Y luego un días vas y descubres a otras mujeres, mujeres a las que habías ignorado durante años
por y para no sentirte una de ellas. Date cuenta de tu propio absurdo y reconstrúyete. Siéntete
chiquitita, un fisco, una menuda en medio de un mundo de adultos. Tírate en medio de un pasillo
de una casa vacía y deja la puerta entornada para que alguien pueda encontrarte allí, bañada en
drama. Pasa horas así, pensando en como una bañera de agua caliente siempre acaba enfriándose.
Levántate a ti misma, porque nadie ha entrado por esa puerta.
Sigue poniendo excusas para llegar a ser quien quieres ser. Entra en un año loco, toma todas las
drogas posibles hasta que un día tu compañero de piso te dice entre lágrimas que lleva semanas
sin entender de qué estás hablando. Te pica el cuerpo, todo, cada noche. Escucha como medio
centenar de señores médicos te dice que son nervios. Deja la cocaína porque piensas que le tienes
alergia. Cumple 35 años y entérate de que tienes sarna. Sarna. Te sientes mal pero una de esas
mujeres descubiertas en esta etapa de tu vida en la que empiezas a vislumbrar quién eres
realmente, te dice que ella también tuvo sarna y que es una mierda pero que peor es pillar puto
herpes, te dice. Así que cúrate de la sarna orgullosa de estar virgen de herpes. “Herpinidad” lo
llamáis. Es esa etapa de tu vida en la que entiendes que no eres capaz de escribir porque no eres
capaz de enfrentarte a un metro de Madrid lleno de caras que se ríen mientras lloras, a un bar
lleno de caras que te mirar con lástima, a la cara de tipo que solo te lee porque él también tiene
planeado follarte. Así que decides encontrar a tu padre, a los treinta y cinco. Siéntete
decepcionada al conocerlo. Estás en todo tu derecho. Pruebas de paternidad, situaciones
grotescas, un hermano que fuma demasiados porros y al que quieres querer y por eso te tatuas su
cara en el brazo pero por el que finalmente, no te engañes, no sientes más que celos.

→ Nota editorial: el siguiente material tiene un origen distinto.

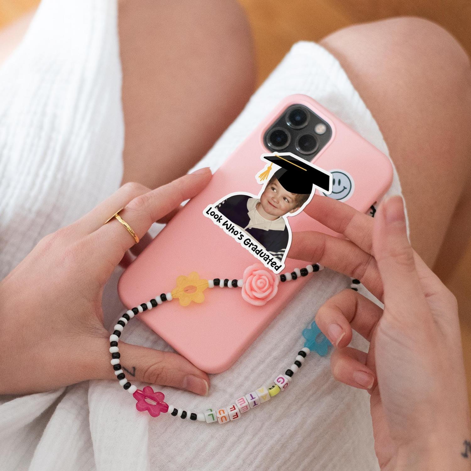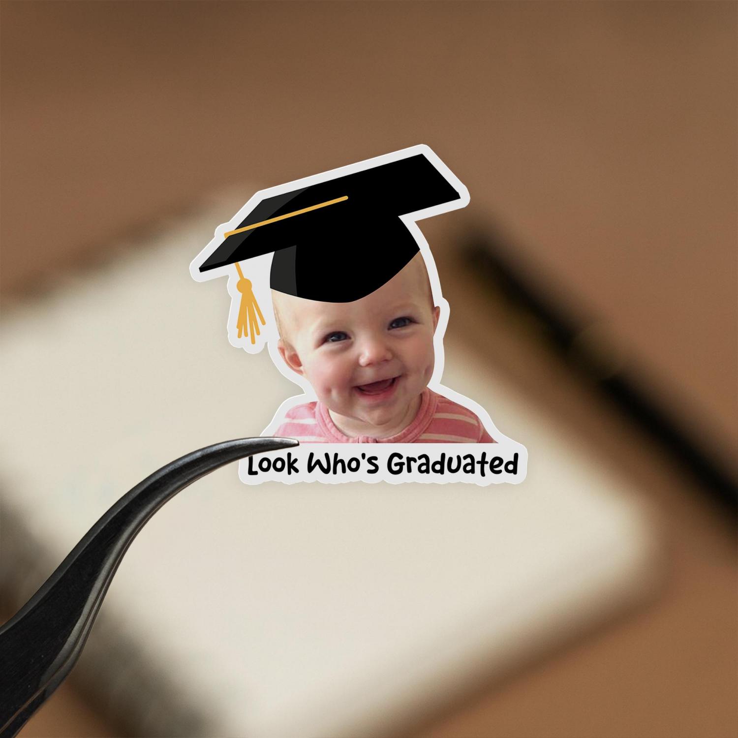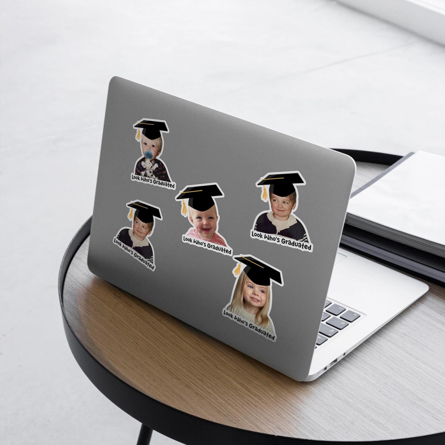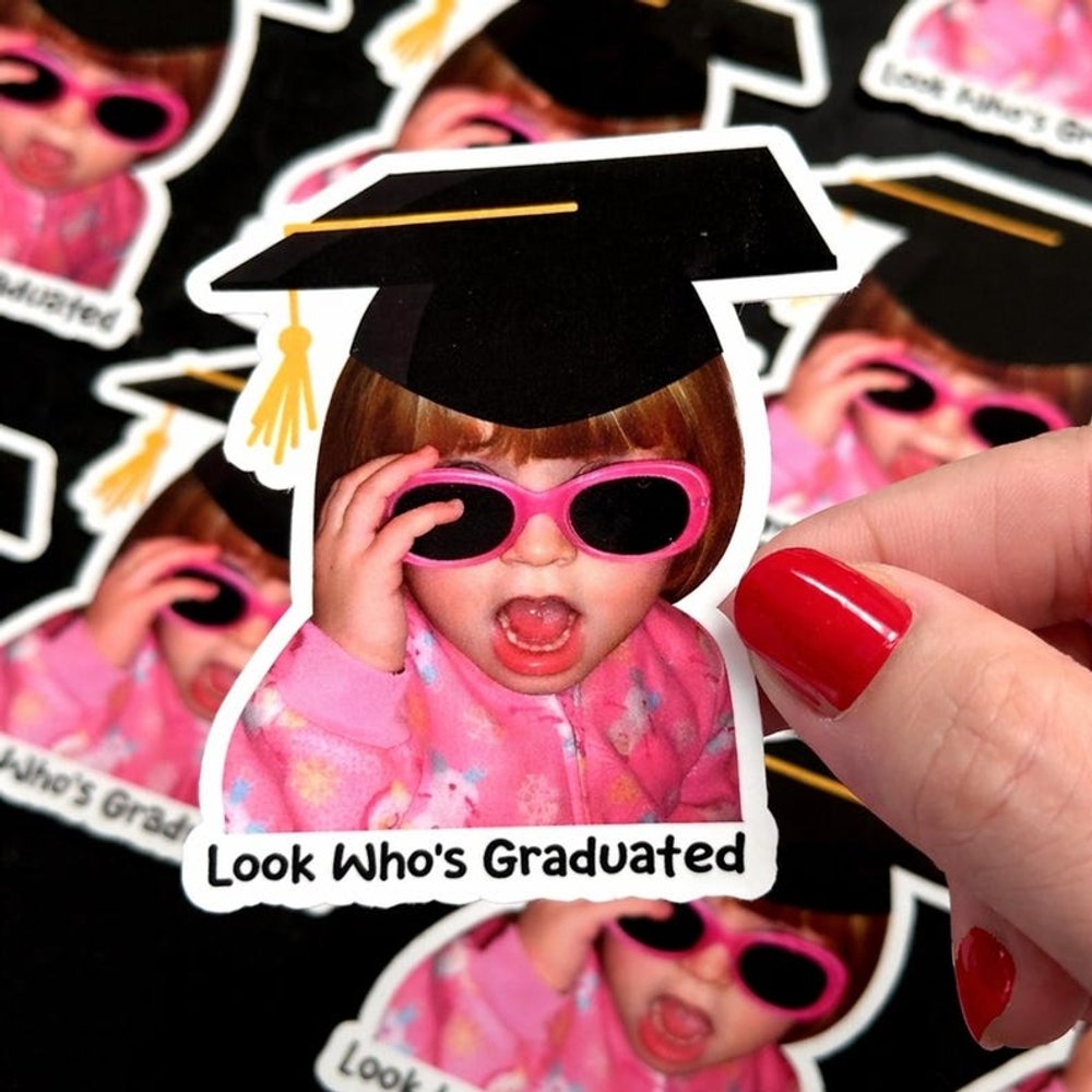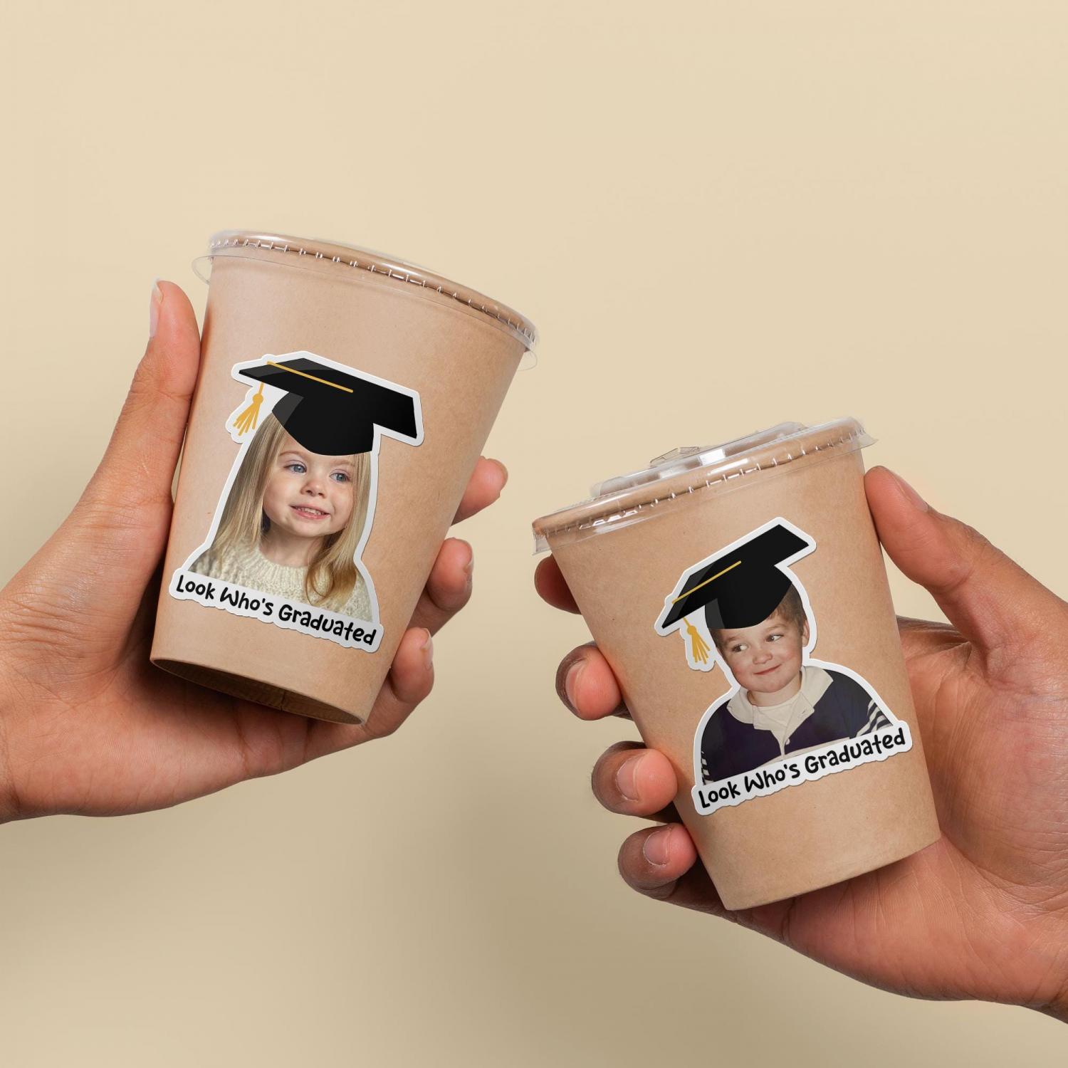 Imprimé sur un vinyle durable et imperméable, résistant aux rayures et facile à décoller. Chaque autocollant est découpé à l'emporte-pièce ou personnalisé pour mettre en valeur la photo et le texte de votre diplômé, ce qui lui confère un aspect professionnel et soigné.

Y ahora es el momento de jugar un ratito y comprometerte, no a escribir, no, a casarte. De


repente la idea del matrimonio te parece lo más punk que pueda hacer una a los 35, con una sarna
compartida, guardando pura y segura vuestra herpinidad y volviendo al consumo loco de
estupefacientes varios porque resulta que de alérgica nada. Enamórate otra vez, esta vez de la
persona adecuada. Déjate llevar por cuánto te quieren, por cómo lo hacen, por esas pupilas
dilatas de cariño, por esos pelos de punta. Recorre Europa conversando, creciendo, aprendiendo
y yendo a festivales de techno.

Pero eso es demasiado para ti. Y lo sabes. Y de nuevo huyes porque todo va demasiado bien y
esa no eres tú. Y te inventas un viaje loco con un final más que anunciado pero que te niegas a
ver. Vuelve con el alma escachada a una isla en la que nunca quisiste estar. Y el mundo se cierra
de repente y echan el candado a nuestros movimientos y a ti te toca ver un volcán por la ventana
al que todos llaman Teide y al que tu prefieres llamar ese pico privativo, esa montaña vigilante,
ese maldito carcelero. Buenos días, le gritas cada mañana y ¡buenas noches! le lloras al acostarte.
Y él te responde y te dice “friega los platos, muchacha, que lo tienes todo jediondo” y a ti se
revuelven las entrañas.

Un día no te levantes del sofá hasta que, a tus 39 años, llegue uno que siempre ha estado ahí y te
adopte. Y te cambias el apellido. Y no escribes de nada de esto. No escribes ni una línea, ni un
post. Ni una story merece lo que te golpea como lo más importante que te ha pasado en la vida.
Esto te lo guardas para ti. Hasta ahora, que ya has llegado a los cuarenta.